The Eagles had closed out the 94-95 campaign with an embarrassing loss in the play-in round of the Hockey East playoffs in front of a nearly empty Conte Forum. The Hockey East preseason picks showed little reason for optimism, projecting BC to finish next to last. When the team stood 7-12-3 in mid-January, it seemed like “deja vu all over again.”
But a five-game win streak propelled the Eagles into a fight for playoff home ice. Although they fell short of that goal, their record of 9-3-0 down the stretch bode well for their opening round matchup against Providence College. Indeed, that playoff series seemed to match two teams going in opposite directions. The Friars had started strong, but had faded down the stretch. If momentum counted for anything, the smart prognosticator would have chosen the red-hot Eagles. But 5-2 and 4-2 losses ended the BC season.
In retrospect, the Eagles may not have been quite as good as their late season record seemed to indicate. Examining their record another way, they piled up a record of 9-3-0 against the four Hockey East teams finishing below them, while only going 3-10-2 against the four above them (including regular season, playoffs, and Beanpot contests). Nonetheless, the wins over Maine and BU down the stretch and the generally more consistent play during the latter half of the year were positive signs that the young squad held considerable promise.
Although it would be tempting (and obvious) to conclude that the turnaround from last year was due solely to Hockey East Rookie of the Year Marty Reasoner (16-29-45 overall, 12-19-31 in HE), that would overlook, among other things, the terrific season also had by linemate David Hymovitz (26-19-45 overall, 16-14-30 in HE). Hymovitz was chosen to the All Hockey East squad, the only Eagle so honored.
Additionally, the freshman class consisted of more than just Reasoner. In perhaps the brightest news for BC fans, the eight members of the freshman class (110 points) outpointed the four sophomores (41 points), eight juniors (72 points), and six seniors (99 points). As these players mature and become more productive, BC’s fortunes should rise with them.
The hardest members to replace next year will be Hymovitz and Don Chase up front as well as Tom Ashe and Greg Callahan on the blueline. Reasoner will need to pick up where he left off this year, while some potential sniper will need to replace Hymovitz as the recipient of Reasoner’s playmaking prowess.

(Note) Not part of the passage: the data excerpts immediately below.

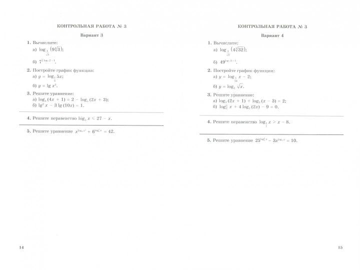 В пособии приведено примерное планирование курса алгебры и начал математического анализа для 11-го класса (базового уровня) и контрольные работы в четырех вариантах по всем темам курса. Каждая работа имеет три уровня сложности.
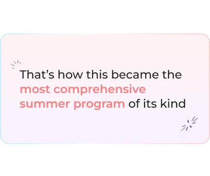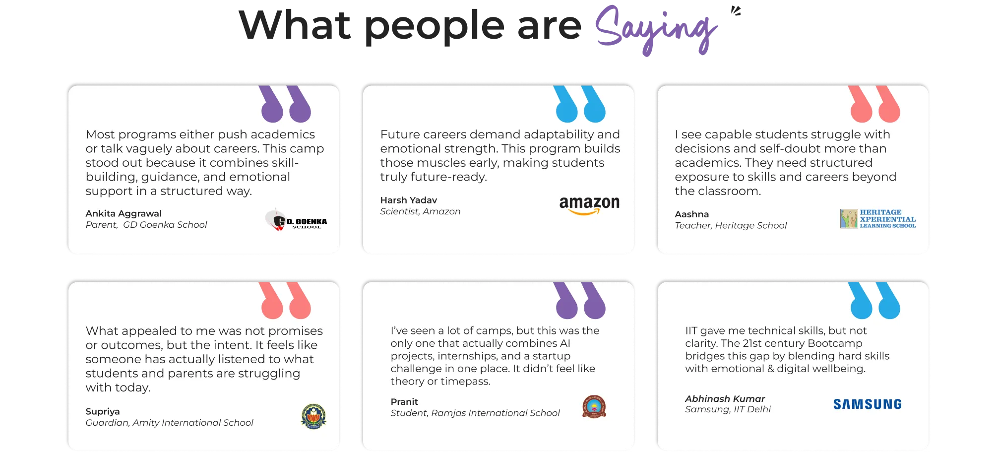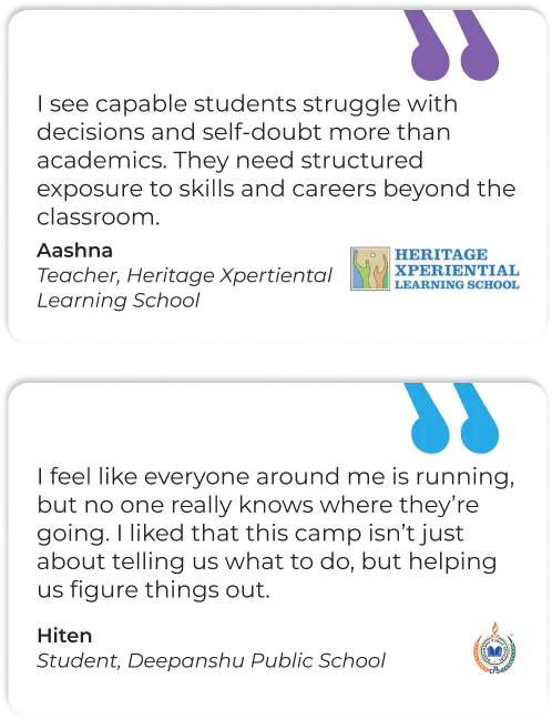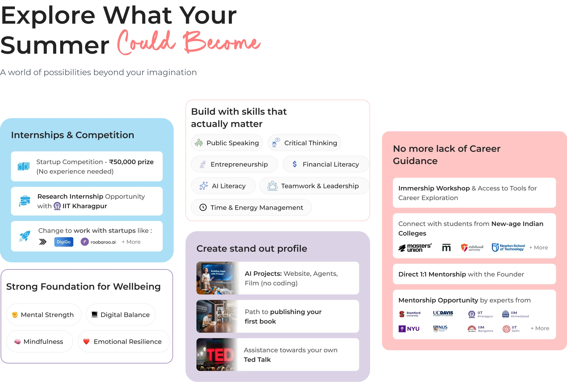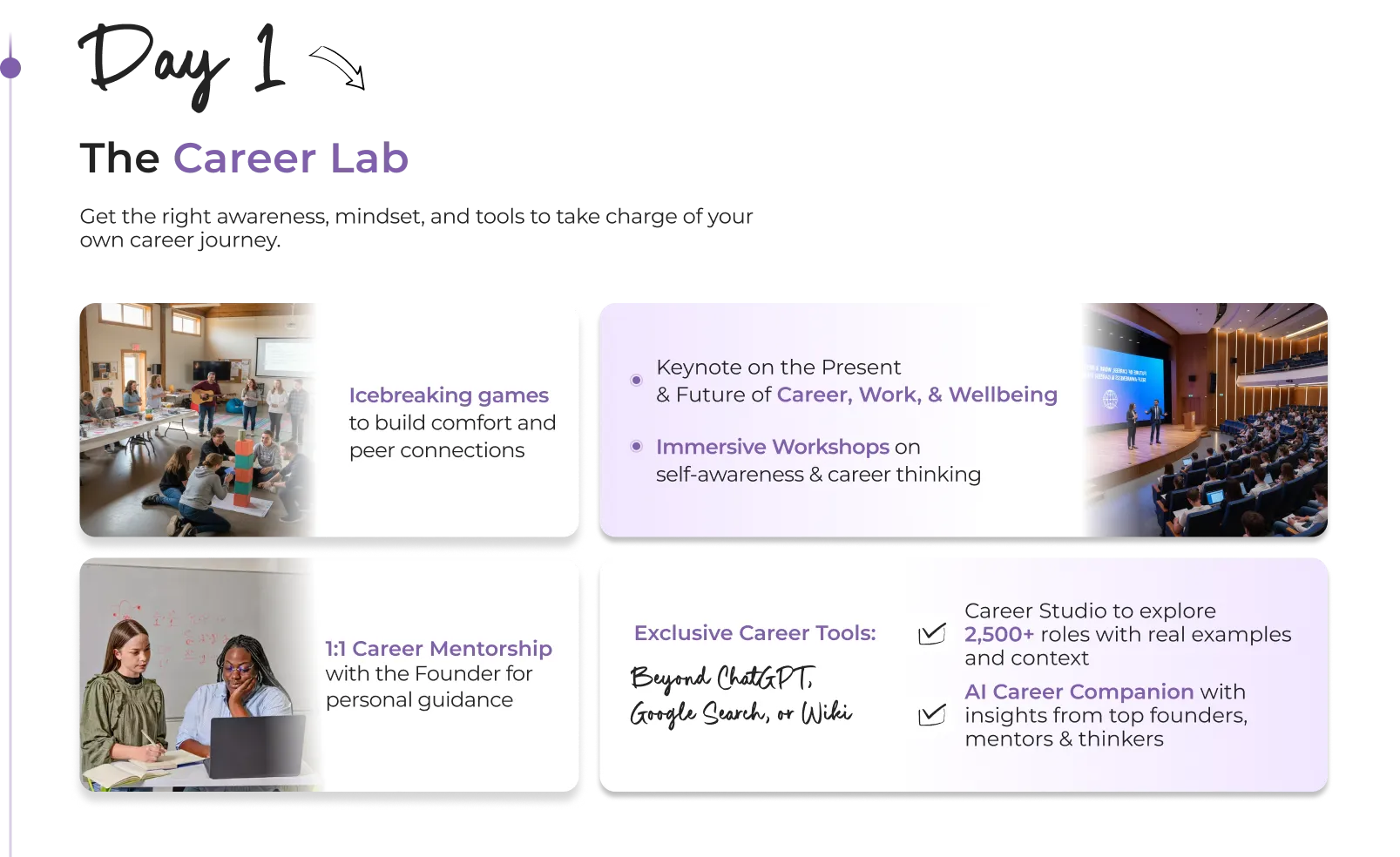 Most programs focus on isolated skills or short‑term outcomes. This camp was built after extensive research into student needs, the future of work, and the growing wellbeing crisis. It integrates career clarity, real‑world skills, experiential learning, and emotional wellbeing into one cohesive ecosystem, designed by experts who have collectively guided tens of thousands of students and professionals.
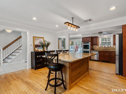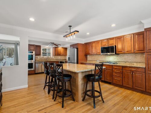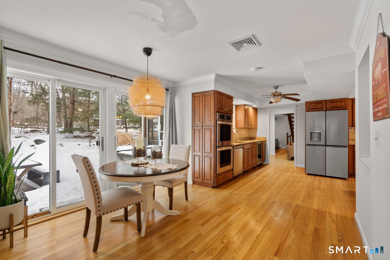 Step into 2026 with a fabulous new home in a sought after neighborhood setting in lower Easton. This classic Colonial, updated for today's lifestyle, offers 6 bedrooms and 3 1/2 baths across 3,600 sq ft of well designed living space with hardwood floors throughout. The main level features a spacious front to back eat-in kitchen with a center island, granite countertops, newer appliances, and sliders that open to a flat backyard with a hot tub. Sunlight fills the sunken living/dining room through bay window plus a main floor laundry adds everyday convenience. The cozy family room is anchored by a stone fireplace and opens to a lovely screened in porch. Recent updates include newer windows, new siding, central air, appliances, new walkway and a new front door, adding to the home's comfort and appeal. Upstairs, the primary bedroom offers a bay window, walk-in closet, and full bath. Five addt'l bedrooms provide flexibility for guests, home offices, a game room, or growing needs. Beyond the home itself, the setting is truly special. Located in one of lower Easton's most coveted neighborhoods, this property is part of the Button Mill Pond private association, a rare, close knit community offering a private beach for swimming, fishing, rafting, sunbathing, social events, and winter ice skating. Just 1/2 mile from the Merritt Parkway and minutes to the Fairfield train, this is a unique opportunity to enjoy the space, warmth, and neighborhood living that are so hard to find in Easton.
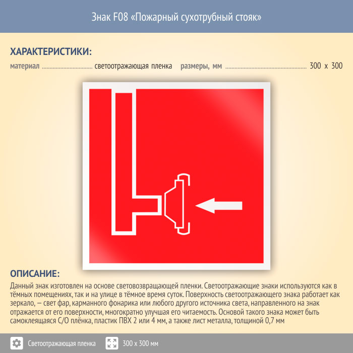 Знак F08 «Пожарный сухотрубный стояк» (светоотражающая пленка, 300х300 мм) в Томске купить
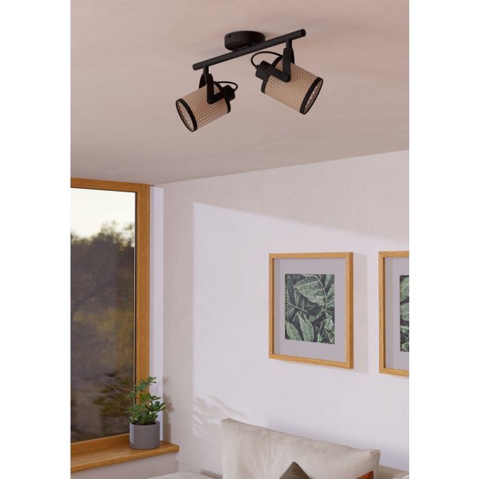 Φωτιστικό Σποτ Δίφωτο L440xH175mm 2xE27 Μαύρο-Φυσικό Eglo Ruscomb 43494
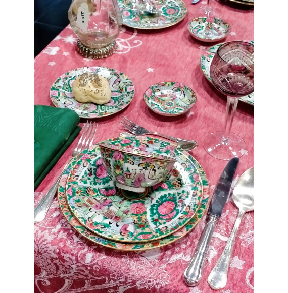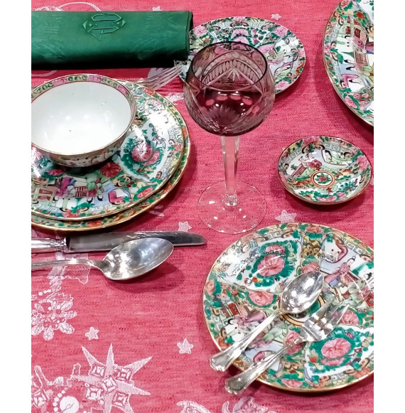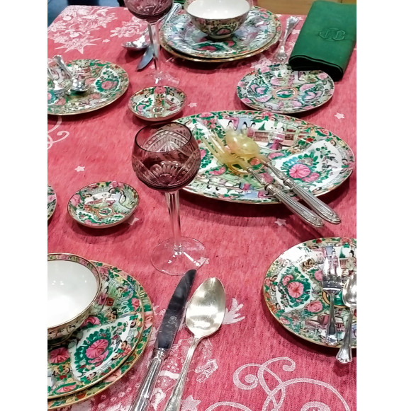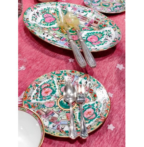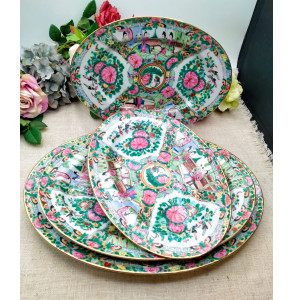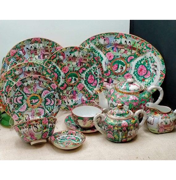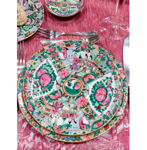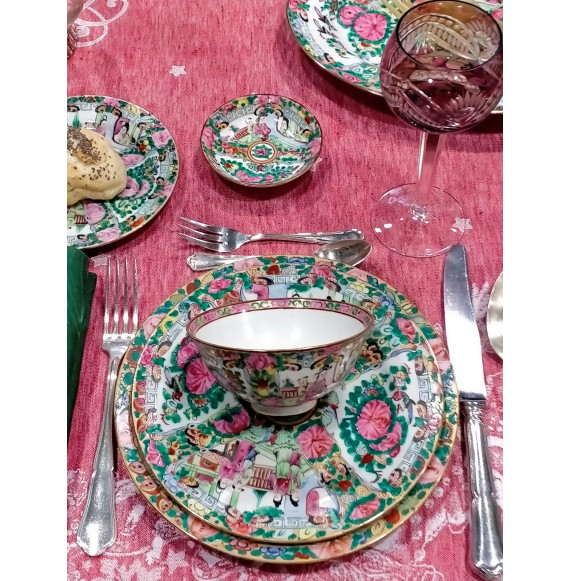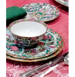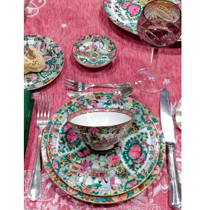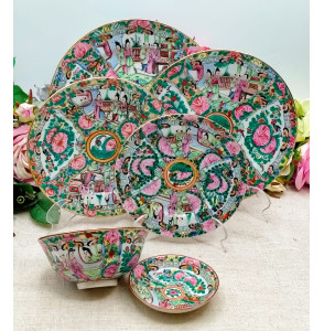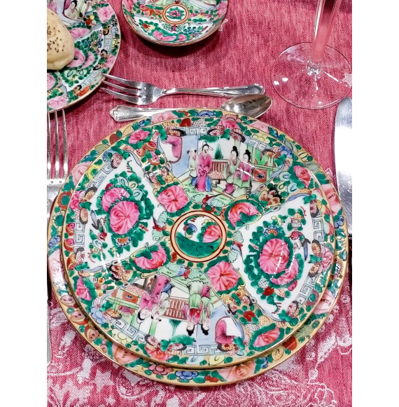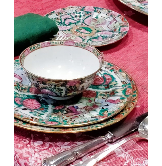 Vajilla medallón rosa de porcelana macao de finales del siglo XIV principios del siglo XX, Producida en Cantón Guangzhou
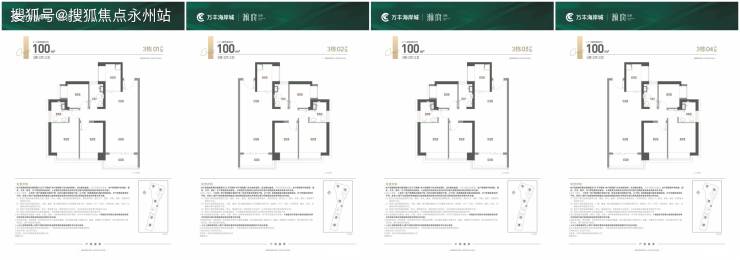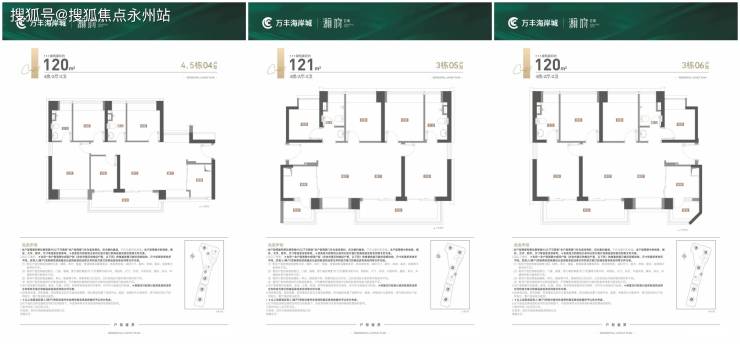 瀚府产品分布:3栋:4梯6户,层高3.1米,01-04户型100平3房2卫,05-06户型120平4房2卫
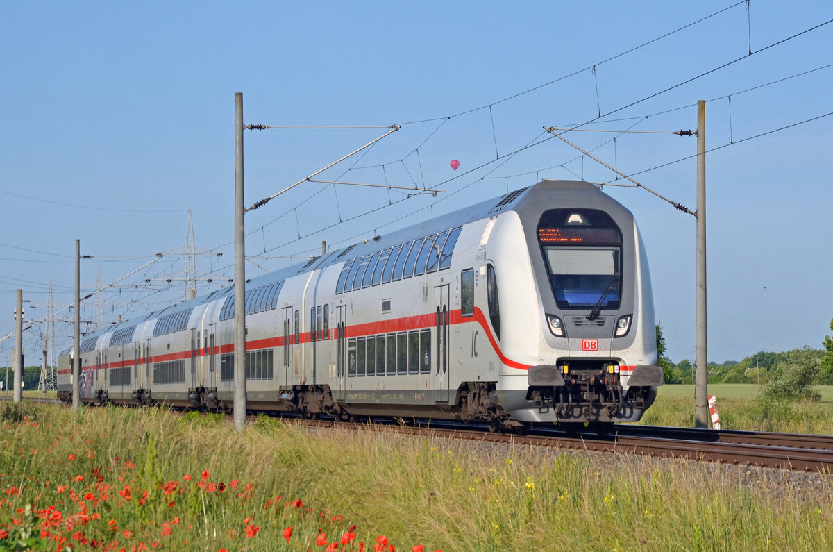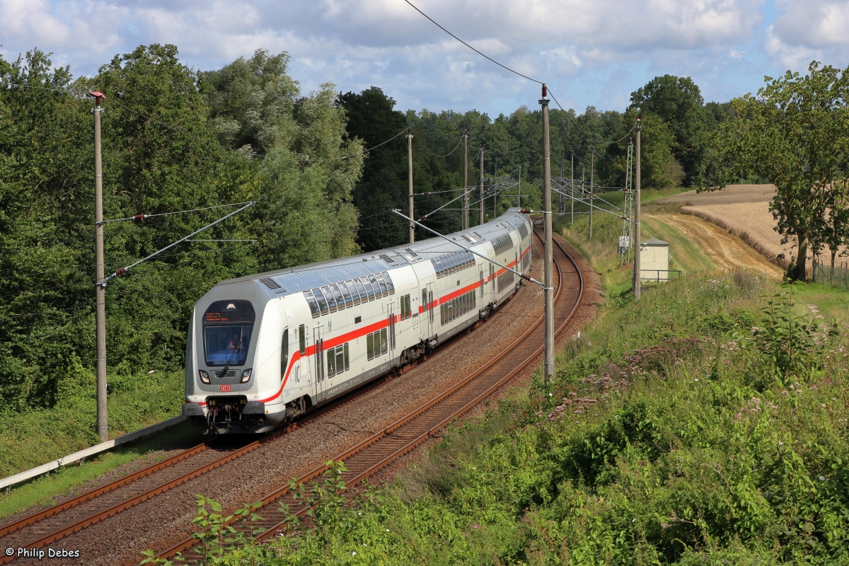 Der Dosto-IC Triebzug 2870 wurde am 23.08.2025 von DB 146 575-6 über die Sachsen-Magistrale von Dresden durch Niederwiesa nach Chemnitz geschoben. Matthias Kümmel

Greg Taylor (assuming he doesn’t turn pro) will be expected to be one of the elite netminders in the league. Mike Correia returns from a strong year in juniors to back Taylor up. Continued development by this year’s freshman class will be key along with the integration of another strong group of recruits led by Mass public school standout Blake Bellefeuille. (Special thanks to Rick McAdoo.)
UNIVERSITY OF NEW HAMPSHIRE
(12-18-4 overall, 8-12-4 in Hockey East – 6th place)
Perhaps the largest disappointment in Hockey East this year was the play of the New Hampshire Wildcats. Hockey East’s 1994-95 3rd-place team, NCAA Tournament participant, and preseason Hockey East third place team never materialized despite having bragging rights to some of the most talented players in the league.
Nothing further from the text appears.